When the Morris family took a trip to the beach at Llantwit Major in Wales last Sunday, nine-year-old Eli made a special discovery: a 200-million-year-old ammonite!

He found the fossil in a rock face. “I was sitting here looking up and I was like, ‘Oh my god, that’s big!'” says the nine-year-old. According to experts, the size – about 30 centimeters in diameter – and quality of the ammonite is unusual for the area, the Vale of Glamorgan.

At home, Eli has a collection of smaller fossils. Whether in the living room, in the kitchen, in the stairwell or in Eli’s bedroom – the treasures of the nine-year-old can be found throughout the house. “They’re just interesting and I like their shape and texture,” he says.
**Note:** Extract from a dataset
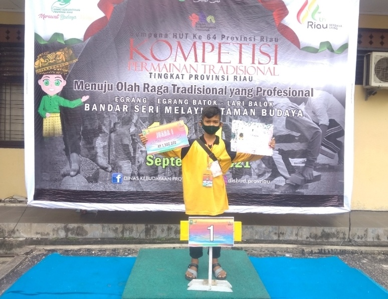 Danil Suhada, pemenang permainan Egrang batok asal Bengkalis mengatakan, Saya merasa sangat senang sekali bisa bersaing dan memenangkan cabang olah raga egrang batok,” ujar Danil Suhada kelas 7 A SMPN 2 Bantan. Selasa(14/9/21)

Eli often goes fossil hunting with his father, Glenn Morris, but usually closer to their home in Birchgrove, Swansea. “We’re always somewhere along the coast, usually the Gower Way, but this was our first time here [in the Vale of Glamorgan] so it was really beginners luck,” says Glenn Morris. He, too, is said to have been “quite a nerd” as a child who – like his son today – was enthusiastic about dinosaurs and rocks. “I think I passed that on to him,” Morris said.

The rocks that form the beach and cliffs at Llantwit Major date from the Jurassic period and are around 200 million years old. The rock consists of a mixture of limestone and mudstone, the so-called Blue Lias Formation. The National History Museum in London congratulated Eli on his extraordinary find and encouraged him to “keep up his good work”.

“The fossil Eli found is an ammonite, a species of mollusk closely related to octopus, squid and cuttlefish that is rarely found in Llantwit Major,” says Dr. Nick Felstead, Lecturer in Physical Geography at Swansea University. “We can see that the inner chambers that served to lift the ammonite were filled with quartz during fossilization, which is even rarer and makes this specimen particularly beautiful.”